Шрифт:
Интервал:
Закладка:
— Некогда было сказать раньше… Дело тут такое: тебя, Иван Дмитриевич, к ордену Красного Знамени, — получи и гордись!
— К черту! — ответил ему Спиридонов, всматриваясь в лица мертвецов. — Или всему полку, или никому. Один я ордена не приму!
И пошел прочь от колодца, задевая плечом косые заборы. Ему очень хочется спать… спать… спать…
* * *
На станции Масельгская — тоска, и зябнет под дырявым чехлом нестреляющая пушка; ударника нет как нет, и пальцем его не заменишь… От этого еще тоскливее кажется жизнь: не веселят ее вечерние танцы на перроне с барышнями уездного значения под комариные скрипки. И шумит лес за станцией. Тишина, тишина… Близкий фронт постукивает винтовками, хлопает вдалеке граната, и снова — тихо. Время от времени появляется над поляной «Старый друг», шины его колес долго мнут нежные ландыши. Кузякин, еще не остывший после полета, садится на крыло, держась за живот.
— Французы куда-то провалились! — кричит он хрипло. — Давай, только на английском. Пулемет надо зарядить, все ленты расчихвостил… А гада Постельникова еще не встретил…

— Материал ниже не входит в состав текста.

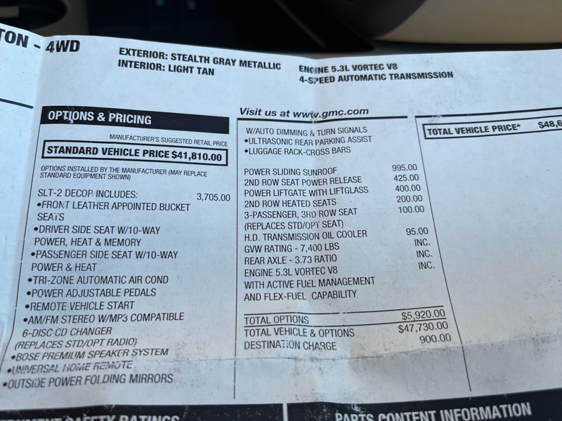 Looking for a full-size SUV with pedigree, low miles, and all the right options? This rust-free 2008 GMC Yukon XL SLT 4x4 has just 32,000 original miles and spent its entire life with one family in Utah. Finished in Stealth Gray Metallic over Light Tan leather, it’s powered by the proven 5.3L Vortec V8, 4-speed automatic, and 3.73 rear axle—smooth, strong, and ready for the long haul. The desirable SLT-2 package turns the cabin into the sweet spot of comfort and convenience with leather-appointed interior, 10-way power/heated driver seat, tri-zone automatic climate control, power-adjustable pedals, remote start, and Bose premium audio. It’s properly equipped for family duty, too: power sliding sunroof, second-row power-release seat, heated second-row seats, power liftgate, 3-passenger third row, and an HD transmission oil cooler. This eight-passenger Yukon XL is extra clean inside, outside, underneath, and exactly the kind of well-kept example that’s getting hard to find. Comes complete with all books, keys, remotes, factory floor mats, and the original window sticker. For more info, call Kevin at Mashburn Motors.
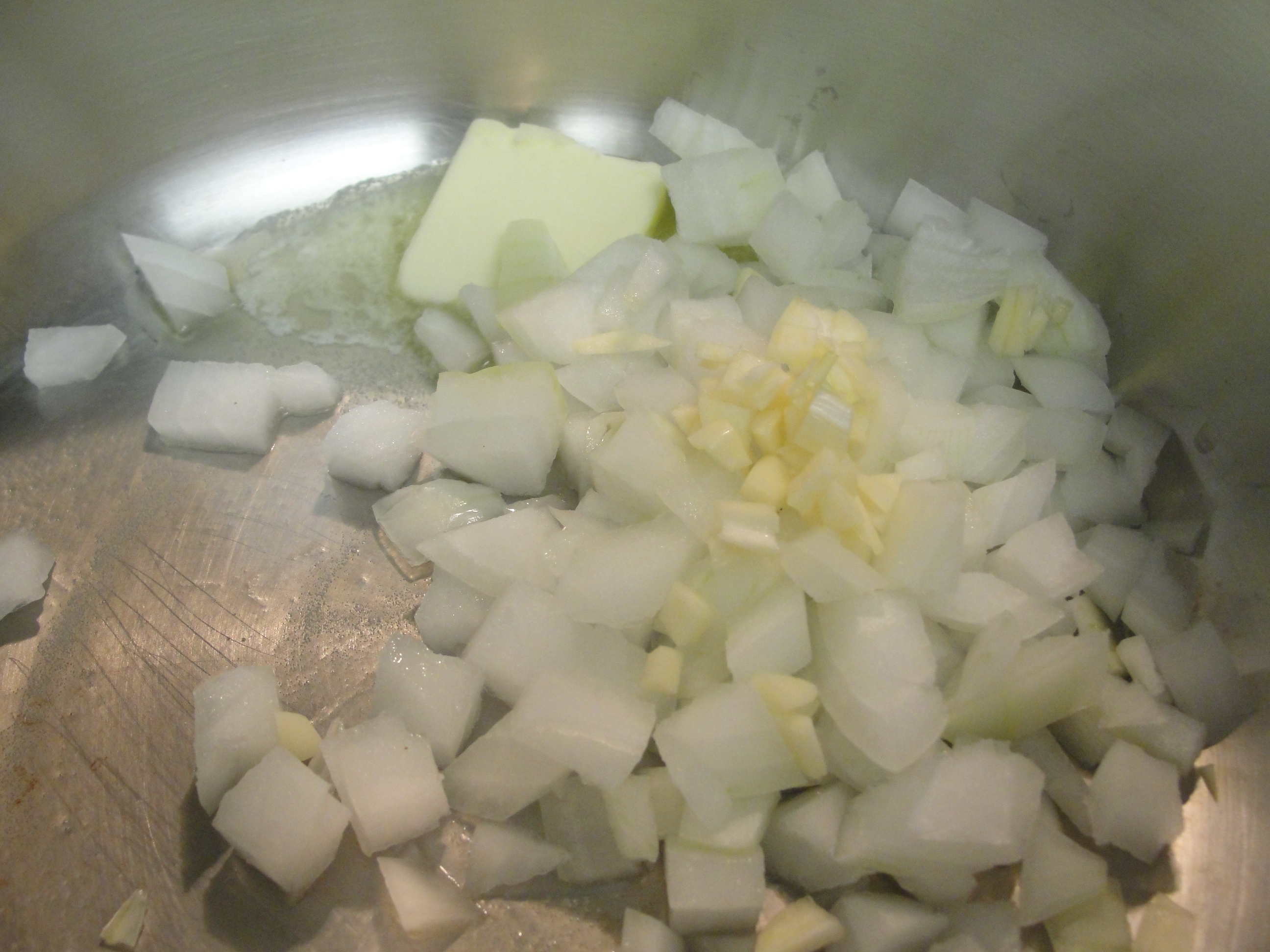 Dice the onion and garlic and sauté in one table spoon of butter until soft.

«Дался ему этот Постельников; спит теперь — и во сне его видит… Однако, — размышляет Вальронд, — небо, как и море, широкое: попробуй, товарищ Кузякин, найди…» Чтобы не есть даром паек, мичман вызвался чинить оружие спиридоновцев. Пулеметы были разных систем: кольты и «шоши», «манлихеры» и «виккерсы», а чаще всего — «максимы», уже изношенные, заедающие при стрельбе. Как-то попался британский «пом-пом», и Женька разобрал его с наслаждением. Вспомнился «Аскольд» — там были такие, против авиации…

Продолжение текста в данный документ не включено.